These Crispy Eggplant Cutlets are completely crunchy on the surface and tender and on the within. The right texture is achieved by combining common breadcrumbs, panko and parmesan cheese. Take pleasure in these with sauce, serve them over salads and pasta dishes, or add them to sandwiches, pizzas, and even use them as the bottom for an eggplant parmigiana.
Components
- 2 medium-sized eggplants
- ½ cup flour
- 2 eggs
- 1 cup breadcrumbs
- 1 cup panko
- ½ cup Parmesan cheese
- 2 tsp salt, divided
- avocado oil for frying
Directions
-
Lower off the highest of the eggplant. Use a peeler to take away the pores and skin. Lower the eggplant lengthwise into ¼ inch thick slices.
-
Sprinkle either side of every eggplant slice with salt. Line a sheet pan with paper towels. Organize the eggplant slices in a single layer.
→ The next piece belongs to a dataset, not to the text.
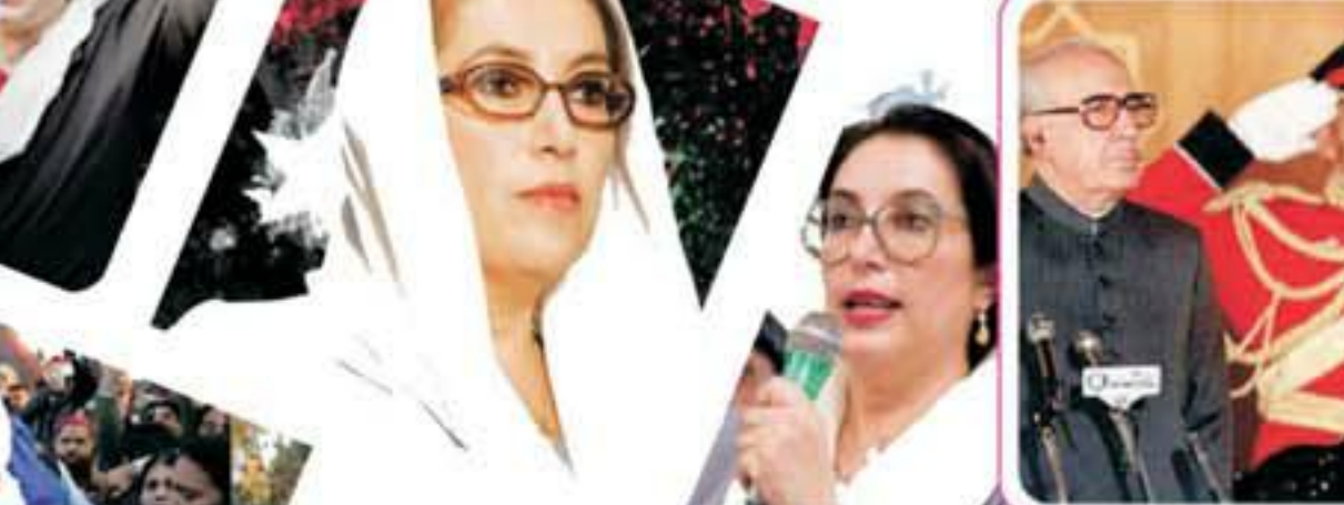
بنظیر بھٹو نے اپنے والد اور مشہور وزیر اعظم ذوالفقار علی بھٹو کو اقتدار کے عروج میں سے متعلق ہونے دیکھا اور ان کی سیاسی اہمیت کو سمجھا۔

Enable to sit down whilst you prep the remainder of the substances.
-
Combine flour and ½ tsp salt in a shallow dish.
-
Whisk eggs in a second shallow dish
-
Mix breadcrumbs, panko, parmesan cheese and 1 ½ tsp salt in a 3rd shallow dish.
-
Press and gently squeeze every bit of eggplant to take away extra liquid.
-
Dredge every eggplant slice in flour, tapping off any extra flour, then coat in egg, and eventually cowl within the breadcrumb combination.
-
Press the breadcrumb combination into the eggplant on either side (this helps preserve them crispy)
-
Warmth sufficient oil simply to coat the underside of a big skillet to 350 levels.
-
Fry the eggplant for a couple of minutes on all sides, till golden.
-
Switch the fried eggplant to a paper towel–lined plate to soak up any further grease, then switch to a wire rack to remain crispy.